Menna ElfynFRSL, FLSW (born 1952) is a Welsh poet, playwright, columnist, and editor who writes in Welsh. She has been widely commended and translated. She was imprisoned for her campaigning as a Welsh-language activist.[1]
Background
During the 1970s and 1980s, Menna Elfyn was a member and sometime official of Cymdeithas yr Iaith Gymraeg. She was twice imprisoned for acts of civil disobedience.[2] She described the ordeal of being forced to speak in the English language to her parents when they visited her in prison.[1]
Elfyn has published ten volumes of poetry and a dozen more of children's books and anthologies.

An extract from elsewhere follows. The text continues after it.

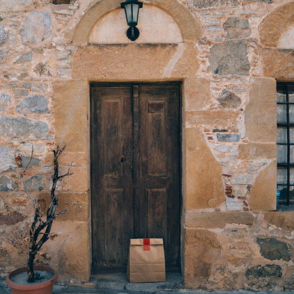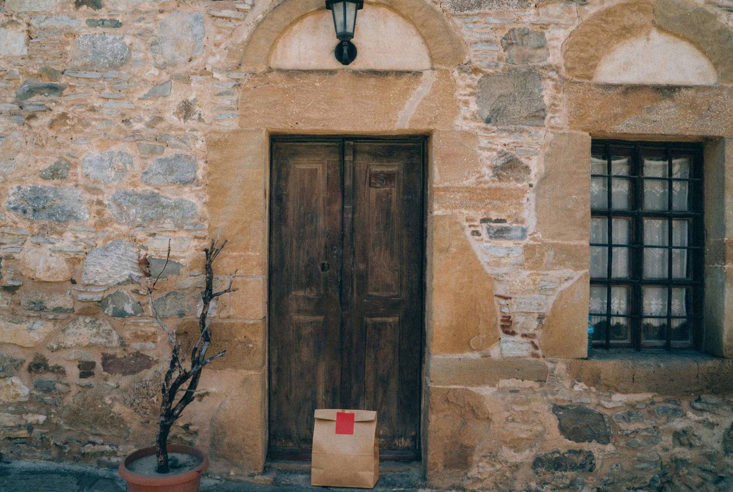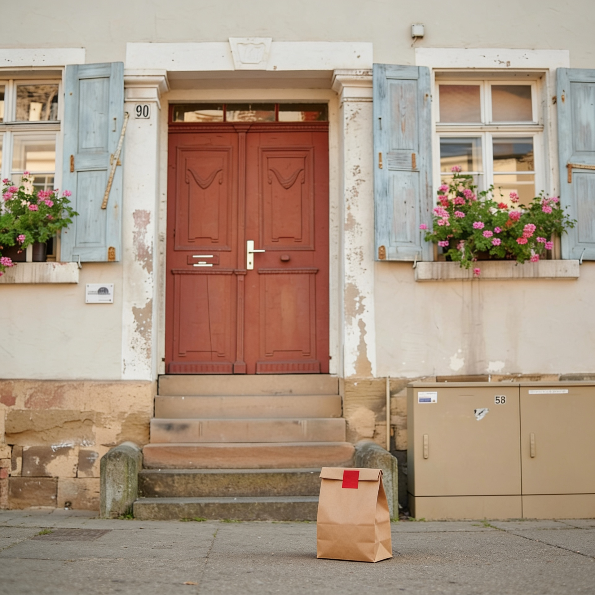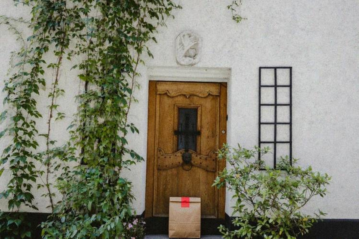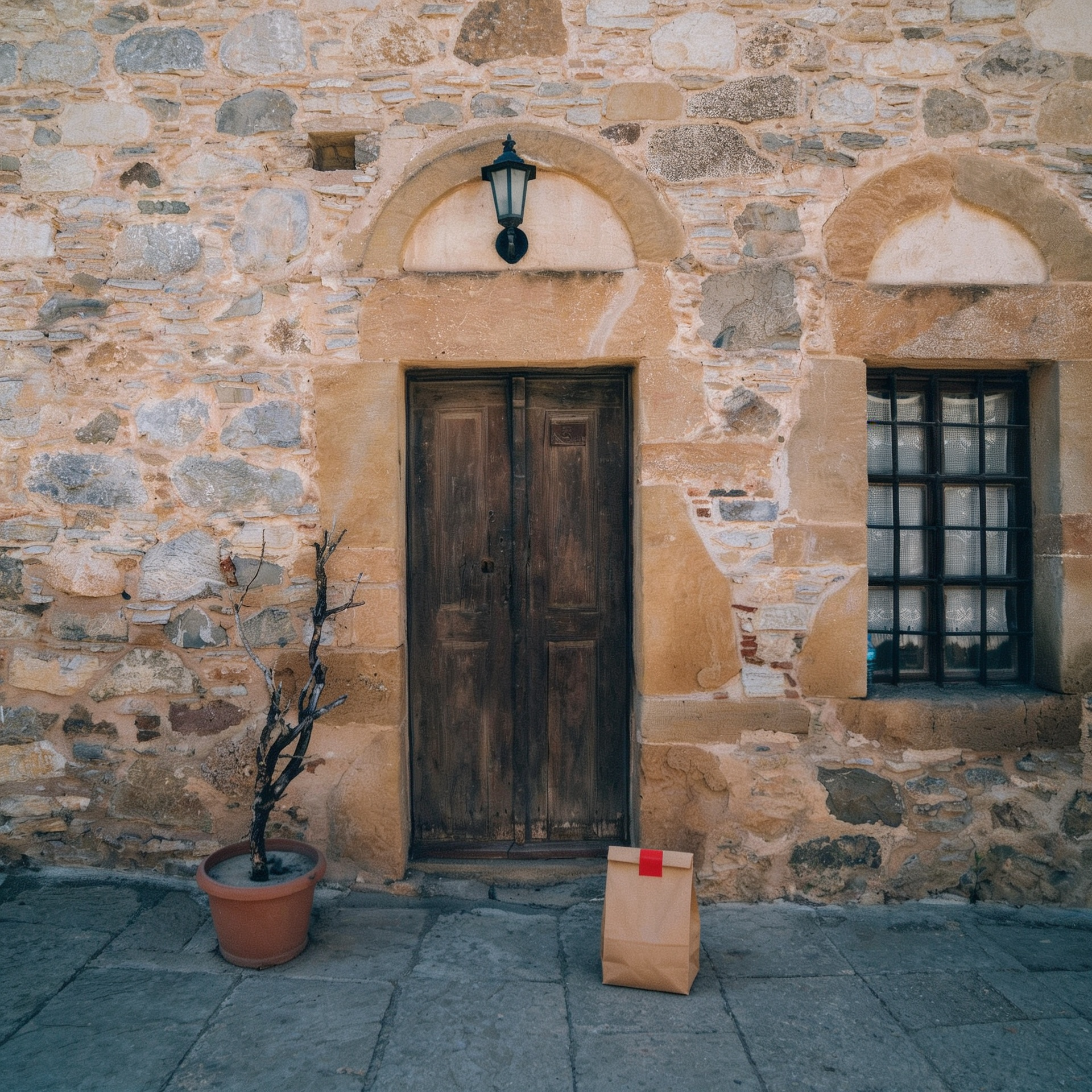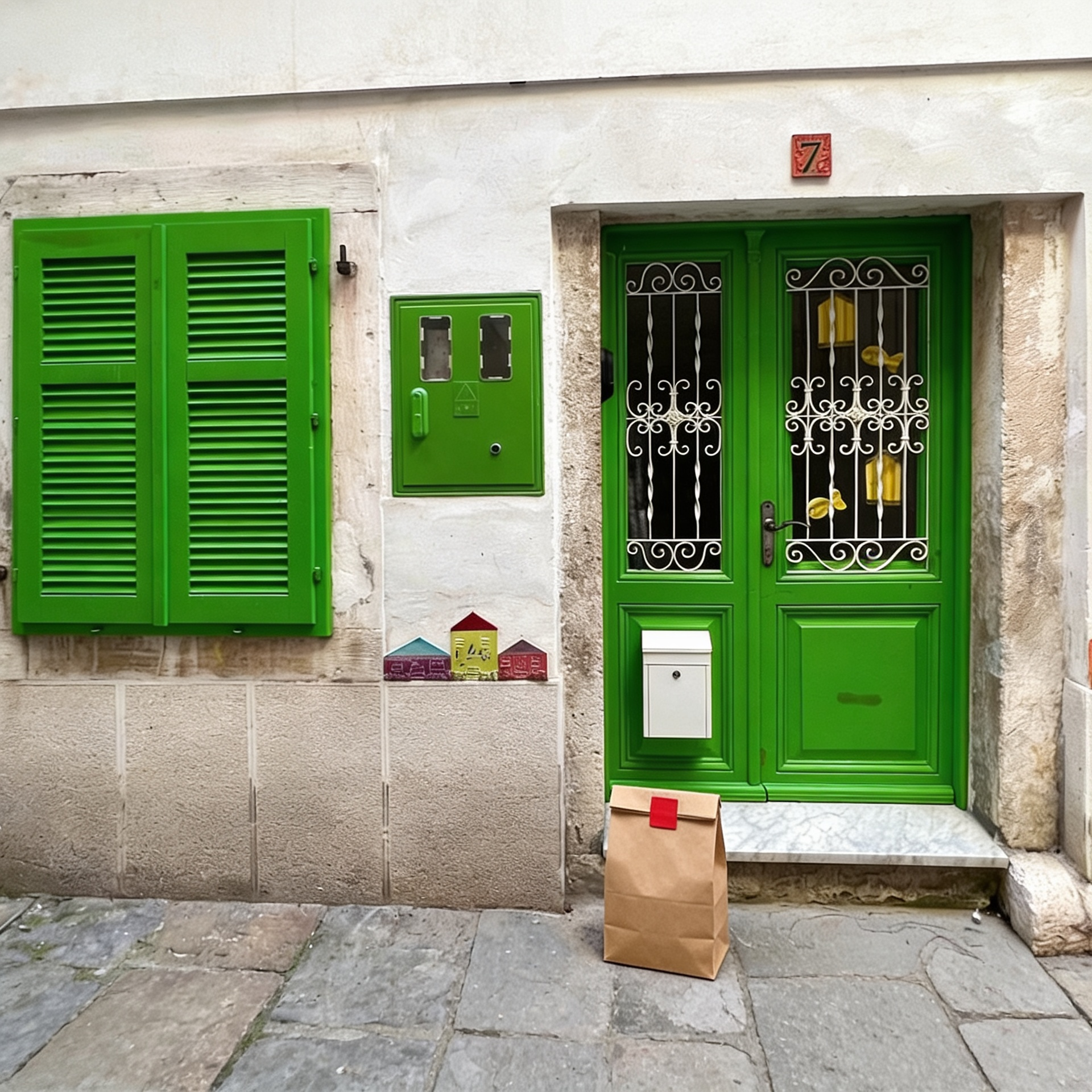 “In this existing photo, add a food delivery paper bag on the ground right in front of the door. The bag should be a small brown paper bag with a solid plain red sticker on the top keeping it closed. Preserve existing photo style and lighting as much as possible.”

She has also written eight plays for the stage, six radio plays for the BBC, and two plays and several documentaries for television. She co-edited The Bloodaxe Book of Modern Welsh Poetry with John Rowlands, which won a Poetry Book Society recommendation.[3] She has won numerous prizes for her work, including a Creative Arts prize to write a book on sleep (Cwsg: am dro yn ôl).
When Elfyn issued her bilingual selected poems Eucalyptus, (Gwasg Gomer, 1995), Tony Conran described her as "the first Welsh poet in 1500 years to have her work known outside Wales." He gave similar praise to her second bilingual volume, Cell Angel (1996).[4]
Her work has been translated into 18 languages, including Italian, Spanish, Portuguese, and Lithuanian. She was Writing Director of the Masters Programme in Creative Writing at Trinity University College, Carmarthen, and a Literary Fellow at Swansea University.[5][6]